Regulators Seen Acquiescing

Mr. Huber said he could not estimate when Continental would get a response from the Comptroller of the Currency. However, banking lawyers said they do not expect significant problems from regulators.

"It's not a troublesome regulatory issue because, with both national banks and state-regulated banks, it's clearly established that doing swaps business is incidental to banking," said a lawyer who asked for anonymity.

The lawyer, who is working on a related application, added, however, that a derivatives subsidiary is not a cut-and-dried business solution to credit problems.

"People differ as to whether this is a cost-effective way to do business," she said. "It depends on what the rating agency will accept and issues such as whether you pass the risk back to an affiliate or a parent."

In its application, Continental sought to assure the bank regulator that it was not putting its capital at risk. The subsidiary would undertake business only with parties whose ratings are A-minus or better, it said.

It also said that the unit would offset the risk of each swaps contract by entering into a "mirror derivative transaction" with Continental Bank, thus assuring counterparties that the unit would have a perfectly matched "book."

To maintain its legal separation from the bank, the subsidiary would have at least one executive officer and one employee not connected to the parent, according to the application.

It is not clear how much derivatives business - swaps, options on swaps, and forward contracts - the Continental subsidiary could undertake with its capitalization. But rating agency officials have indicated that, if the subsidiary's credit exposure were less than or equal to its capital, it would probably merit a top credit rating, Mr. Huber said.

That could translate into billions of dollars in derivatives business, measured by the notional principal amount underlying the contracts.

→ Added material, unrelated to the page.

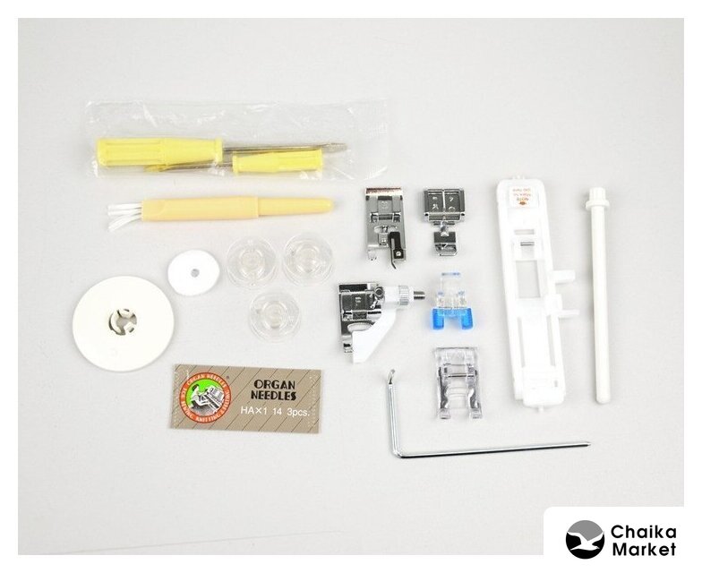 Комплектация | комплект игл, шпулька (3 шт.), педаль, отвертка (2 шт.), щеточка, стержень для второй катушки, сетевой шнур, направляющая для выстегивания, фетровая подушечка для катушки, вспарыватель, подсветка рабочей зоны, отвертка-ключ, держатель катушки |

At the end of 1991, Continental had $56.4 billion of outstanding swaps, down slightly from the $56.9 billion at the end of 1990. Similarly, Citicorp's swaps agreements outstanding declined to $257 billion at the end of 1991, from $280.1 billion at the end of 1990.

In contrast, the AAA-rated Morgan Guaranty Bank saw its swap book grow to $329.1 billion at the end of 1991, from $267.2 billion at the end of 1990.

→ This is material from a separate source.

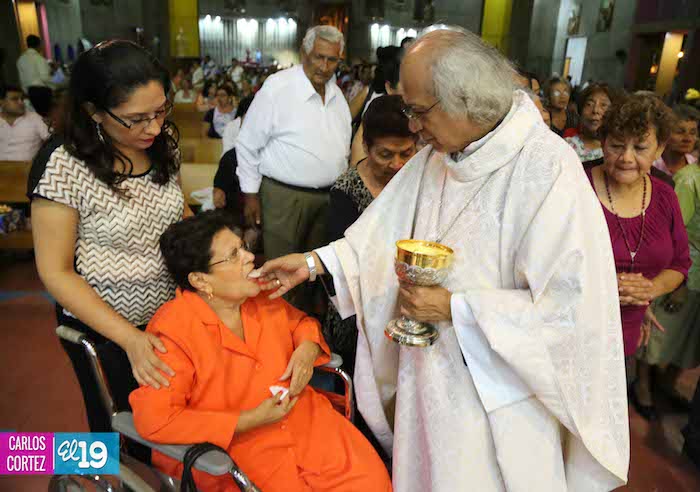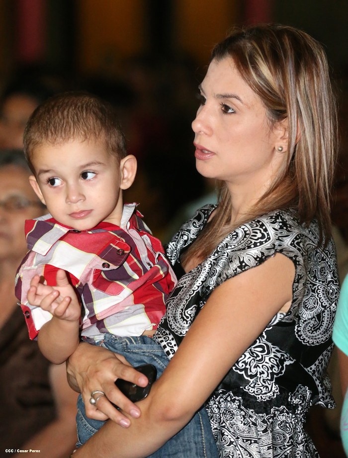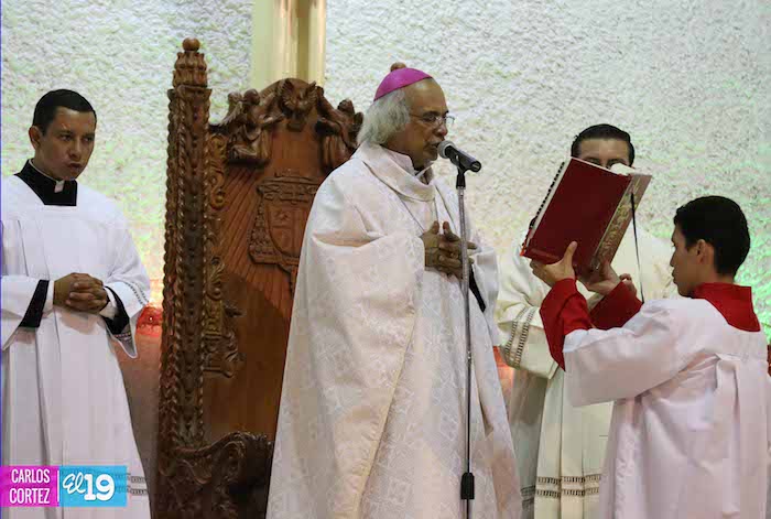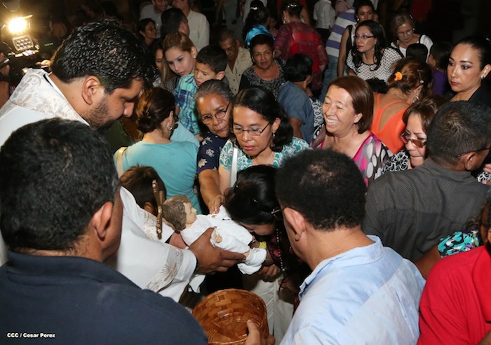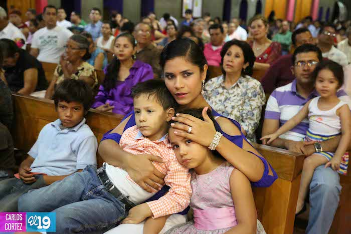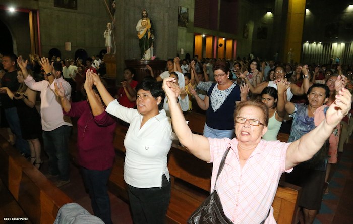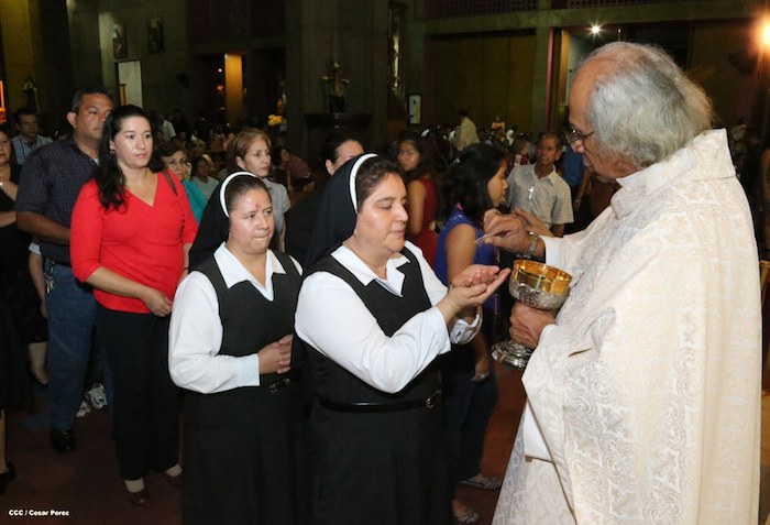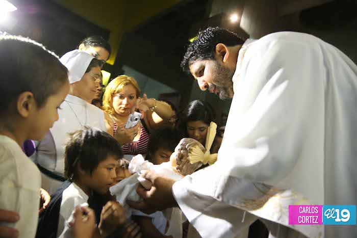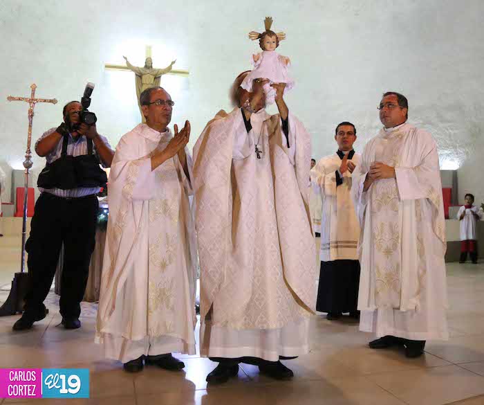 Fieles católicos celebran la Misa del Gallo en la Catedral de Managua.

The Merrill and Goldman units are seen by market experts as prototypes for the operations banks are considering.

Merrill injected $300 million of equity into its subsidiary, which began doing business late last year. It also pumped in $50 million of preferred equity raised from outside investors. Since the unit's top officers are senior officials of Merrill Lynch, staff additions have been few, said David Milich, a director at Merrill.